Monitoring connector health

Monitor your connector’s health using logs, metrics, and traces.

Application logs

Viewing logs in Grafana

To view application logs in Grafana:

Navigate to Explore in the left sidebar
Select the logs data source: Choose {customer}-logs (for example, ecos-logs)
Choose your query mode:
- Builder: Use the visual label browser to filter by namespace, app, container
- Code: Write LogQL queries directly
Use Drilldown view: Click on any log line to see details and related traces

Example LogQL queries:

# View all logs for a specific connector
{namespace="gc-caboose", app="my-connector"}

# Filter for errors only
{namespace="gc-caboose", app="my-connector"} |= "ERROR"
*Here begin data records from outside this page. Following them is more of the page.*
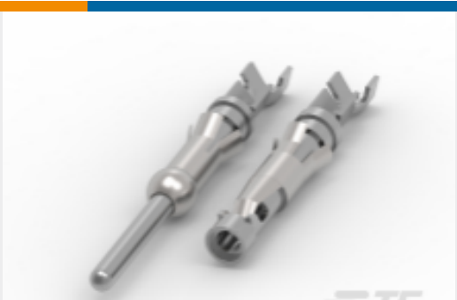
TE Part #1-66360-2 TYPE III CONTACTS LP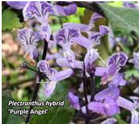
Plectranthus hybrid 'Purple Angel'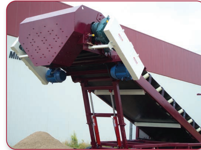
Variable Height Hydraulic Raise, Heavy Duty Hood w/ Optional Wear Plates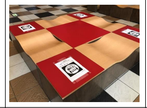
Social Distance Posting (Surugadai)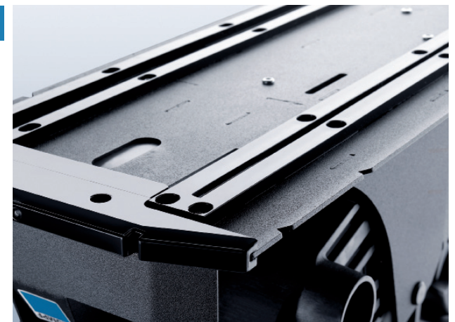
Slide bars & wear plates

The parts on the bottom of the support table are made of plastic and provide excellent machine guidance while reducing scratching on the sheet metal surface.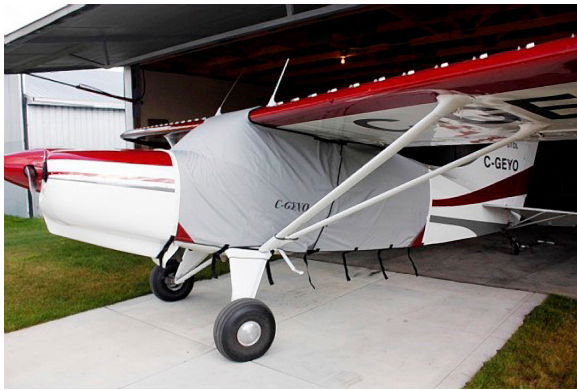
Maule Over-Top Extended Canopy Cover

This cover type is made from Silver Acrylic Sunbrella canvas and is 100% lined with a soft and smooth microfiber. Bruce's Custom Covers developed this material combination especially for aircraft protection. The outer material is medium weight and treated for water resistance, UV resistance and anti-static buildup. The inner lining is a very soft and smooth microfiber to prevent scratching. The material is very reflective, and tests show that the cabin interior temperature can be reduced to near-ambient temperature on the hottest of days. It is water, ice and snow repellent, yet breathable to allow moisture to escape from between the cover and the aircraft surface.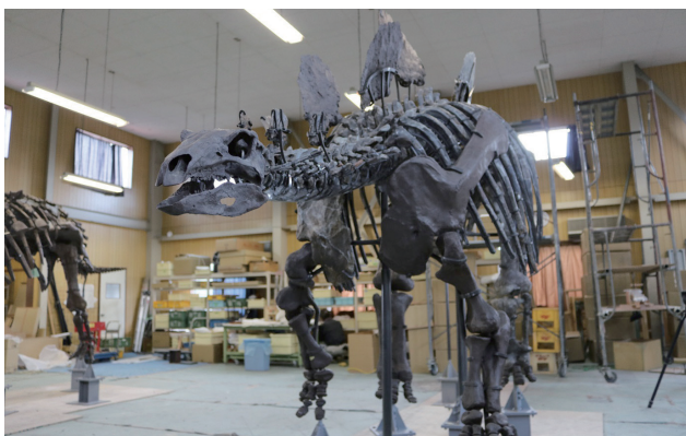
FIGURE 20. Mounted skeleton of Hesperosaurus mjosi , FPDM-V9674.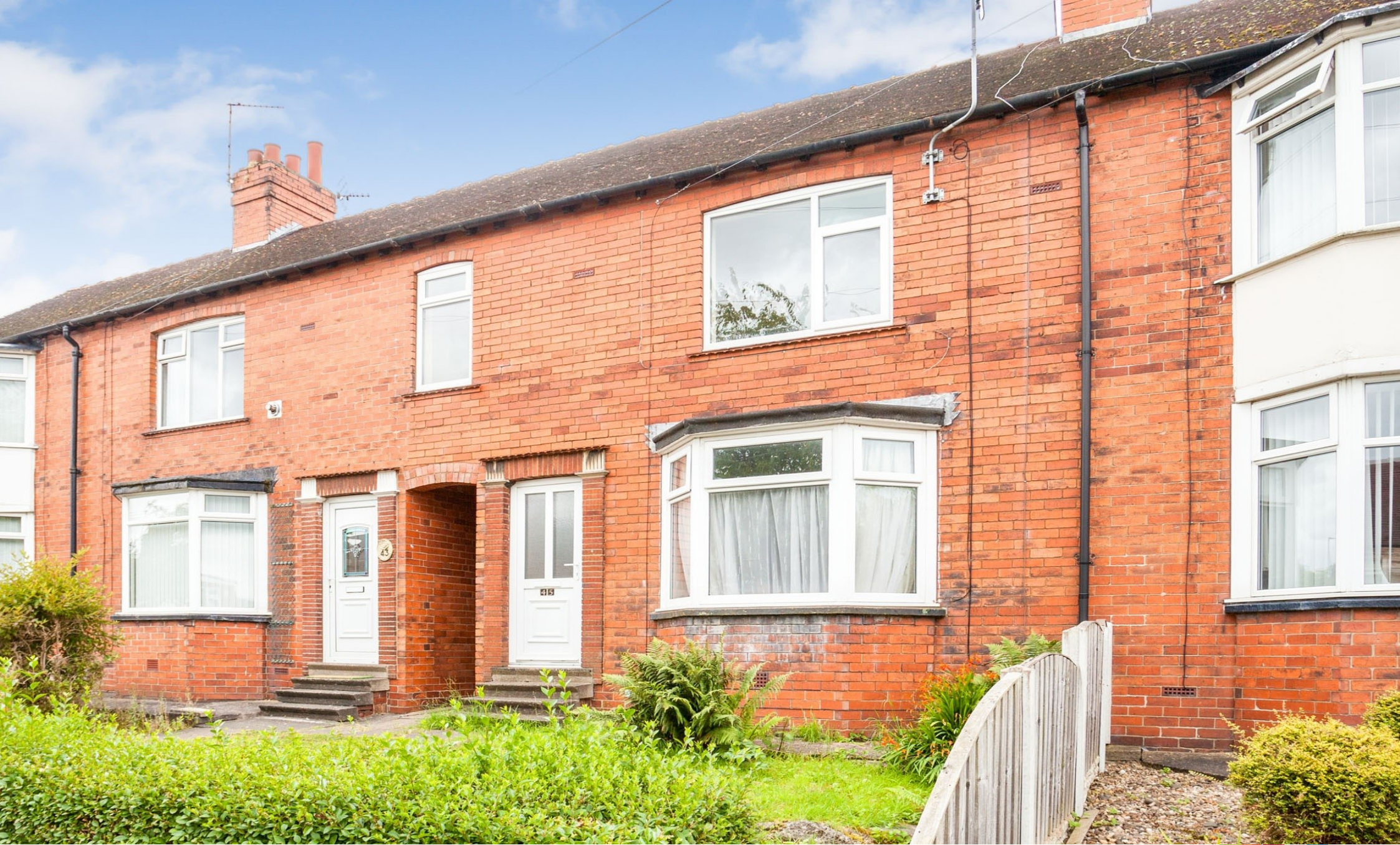
Beechwood Avenue, Wakefield WF2 9JY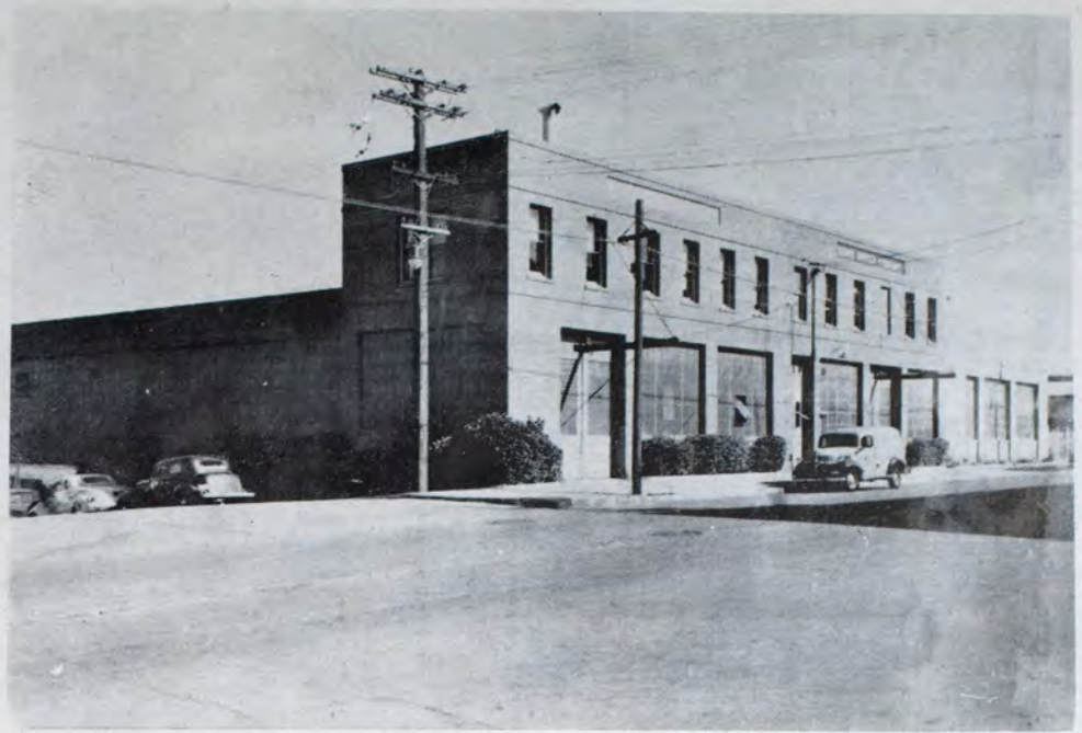
A. B. Chance Co. Switch Plant—San Francisco

The Tips Tool Company was a pioneer in the manufacture of live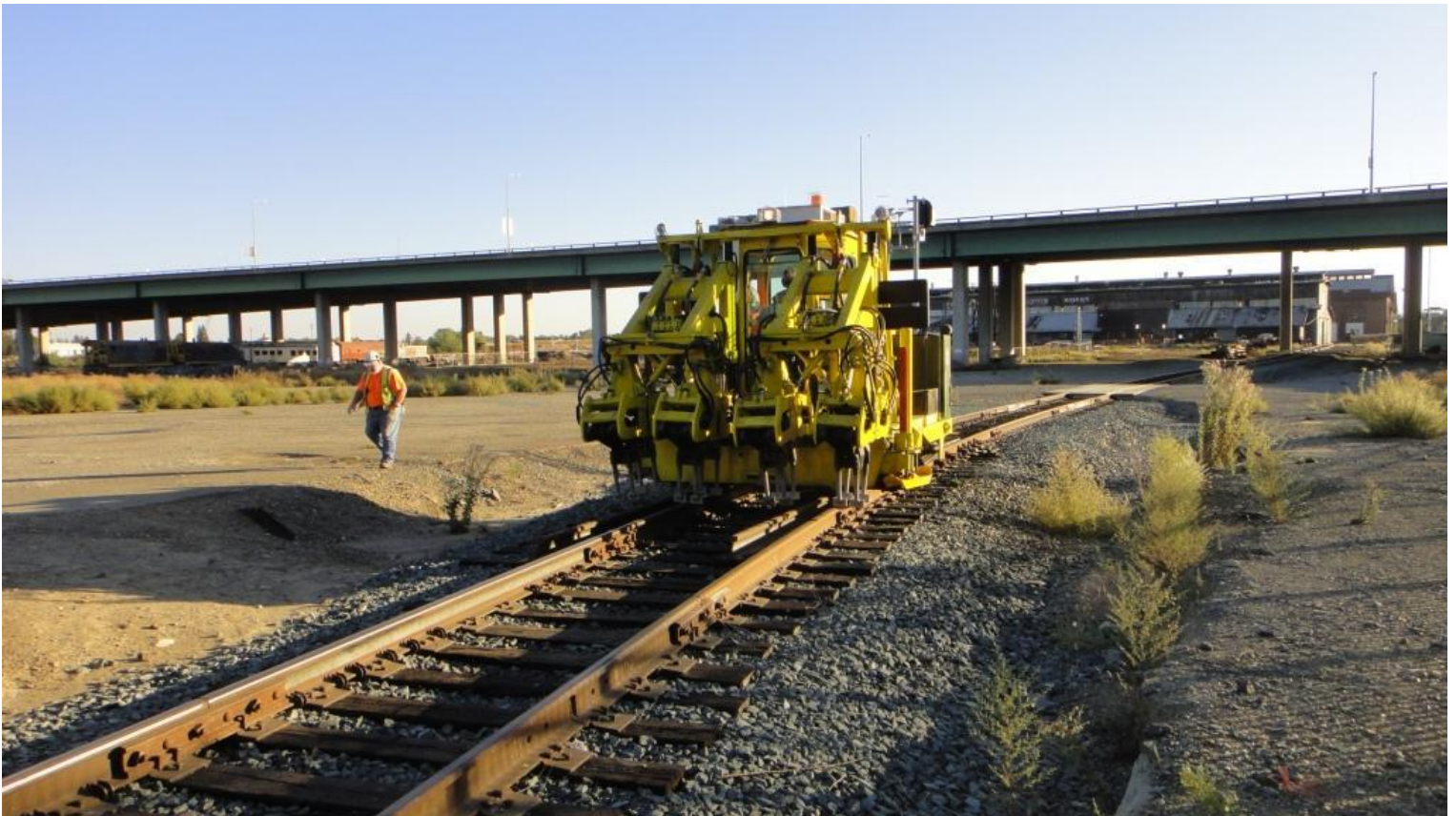
Conductor Frank secures safe passage for Alan in the tamper across the UP Mainline at RV 988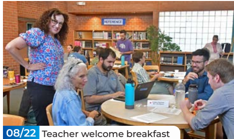
08/22 Teacher welcome breakfast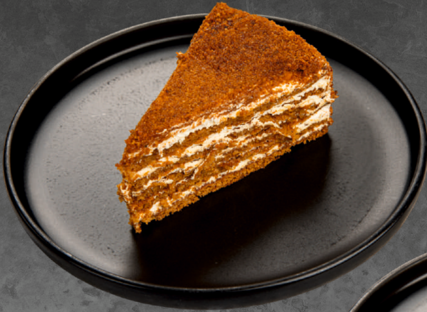
350- Honey cake 120 g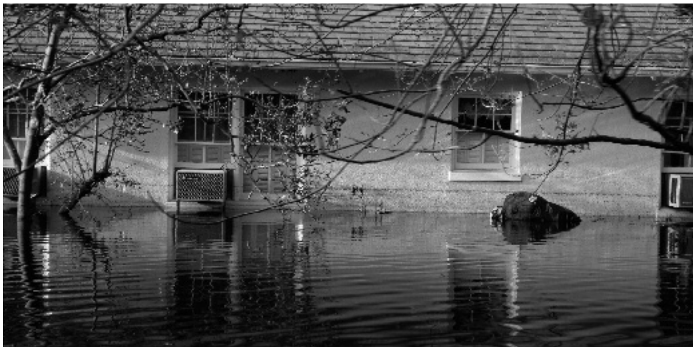
A bloated body partially wrapped in a garbage bag bobs in flood waters in the Lakeview neighborhood of New Orleans.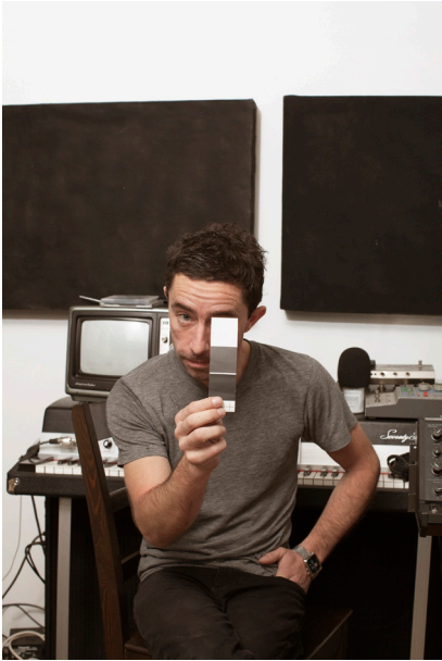
The Cinematic Orchestra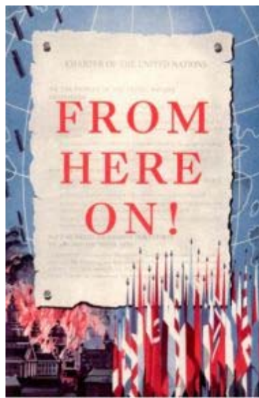
rotary's presentation of the United Nations charter. "From Here On!"

During World War II, Rotary informed and educated members about the formation of the United Nations and the importance of planning for peace. Materials such as the booklet From Here On! and articles in The Rotarian helped members understand the UN before it was formally established and follow its work after its charter.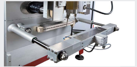
Sealing Jaw Area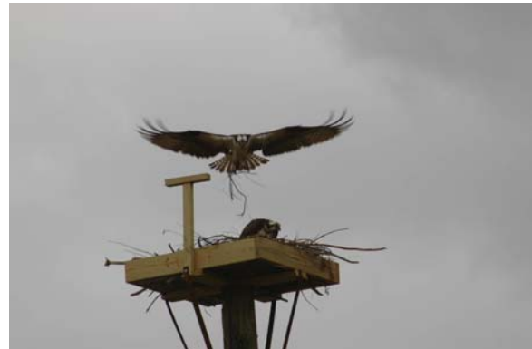
Osprey building a nest atop a pole erected next to a cranberry bog.

The diversity and abundance of wildlife species utilizing both wetland and upland habitats in the study areas were, in all probability, increased by their proximity to the reservoirs, cranberry beds, and disturbed areas of the cranberry operations. This edge effect contributed to ecological diversity. The value of habitats, particularly forested habitats, was improved for most wildlife species when they were adjacent to open areas.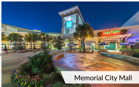
Memorial City Mall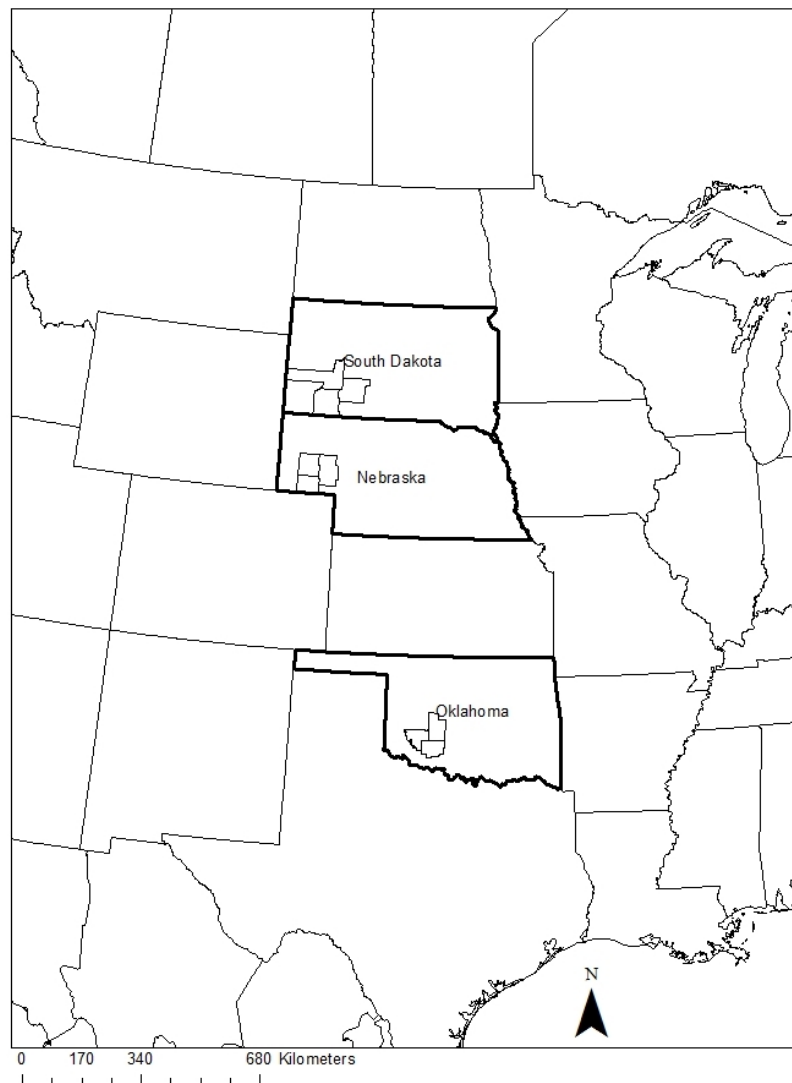
Figure 1. Locations of counties for estimates of home range for bighorn sheep ( Ovis canadensis ), elk ( Cervus elaphus ), mule deer ( Odocoileus hemionus ), and white-tailed deer ( O. virginianus ) in three study areas in the Great Plains, 2002–2006.

We conducted our study on Rocky Mountain elk within the Wichita Mountains Wildlife Refuge (WMWR) in southwestern Oklahoma, that encompassed Caddo, Comanche, and Kiowa Counties and private lands north of WMWR (Fig. 1; Walter et al. 2005). Igneous mountain peaks with slopes >25^\circ (Hoffman 1930) typified the northern part of WMWR and extended northward into private land, referred to as the Granite Area, with 25% forest cover in a mosaic of native warm sea-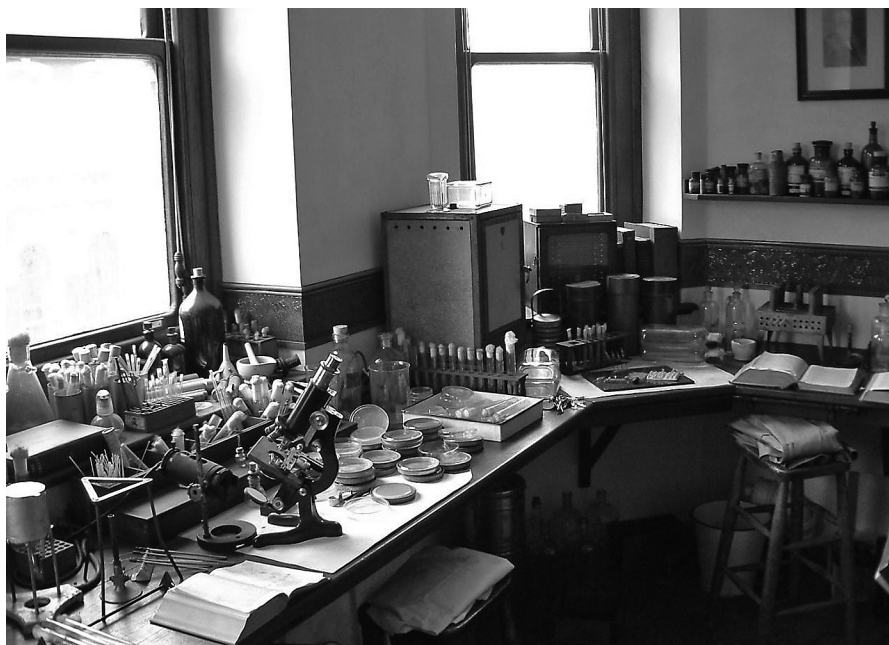
Fot. 2. The Alexander Fleming Laboratory Museum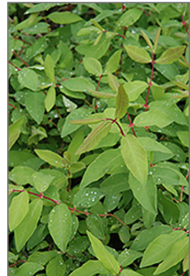
Cinderella Honeyberry foliage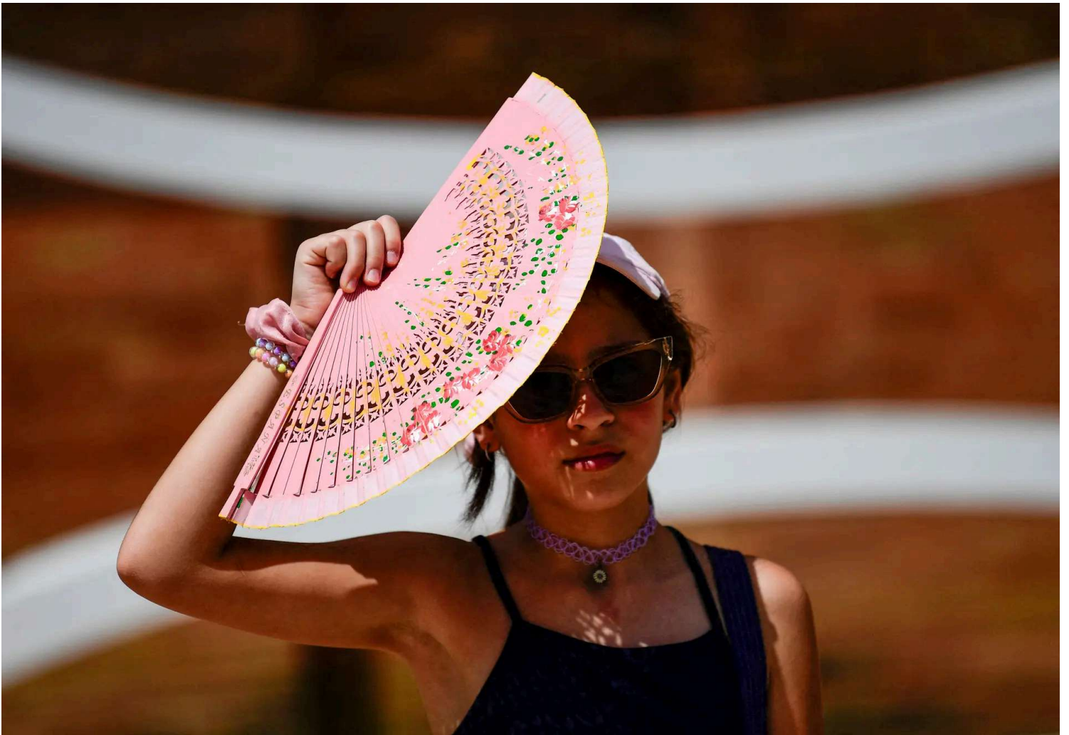
A woman protects herself from the sun with a fan during the first heatwave of the summer in Seville, Spain, on June 28, 2025.

# Search for specific text
{namespace="gc-caboose"} |~ "(?i)exception|error|failed"

Log levels

Monitor different log levels:

ERROR: Critical issues requiring immediate attention
WARN: Potential issues or unusual conditions
INFO: General operational information
DEBUG: Detailed diagnostic information

Application metrics

Track key performance and resource metrics for your connector.

Key metrics to monitor

Performance metrics:

Request rate: Requests per second
Response time: P50, P95, P99 latencies
Error rate: Percentage of failed requests
Throughput: Messages processed per second

Resource metrics:

CPU utilization: Current CPU usage
Memory usage: Memory consumption
Network I/O: Network traffic
Disk I/O: Disk read/write operations

Business metrics:

Message processing rate: Messages processed successfully
API call success rate: External API call success percentage
Queue depth: Number of pending messages
Processing time: Time to process each message

Viewing metrics in Grafana

To view and analyze metrics:

Navigate to Explore in the left sidebar
Select the metrics data source: Choose {customer}-metrics (for example, ecos-metrics)
Choose your query mode:
- Builder: Use the visual metric browser to select metrics and apply filters
- Code: Write PromQL queries directly for advanced queries
Use Drilldown view: Click on any metric to explore related logs and traces
Browse Dashboards: Navigate to Dashboards to view pre-built connector dashboards

Example PromQL queries:

# Request rate per second
sum(rate(http_requests_total{app="my-connector"}[5m]))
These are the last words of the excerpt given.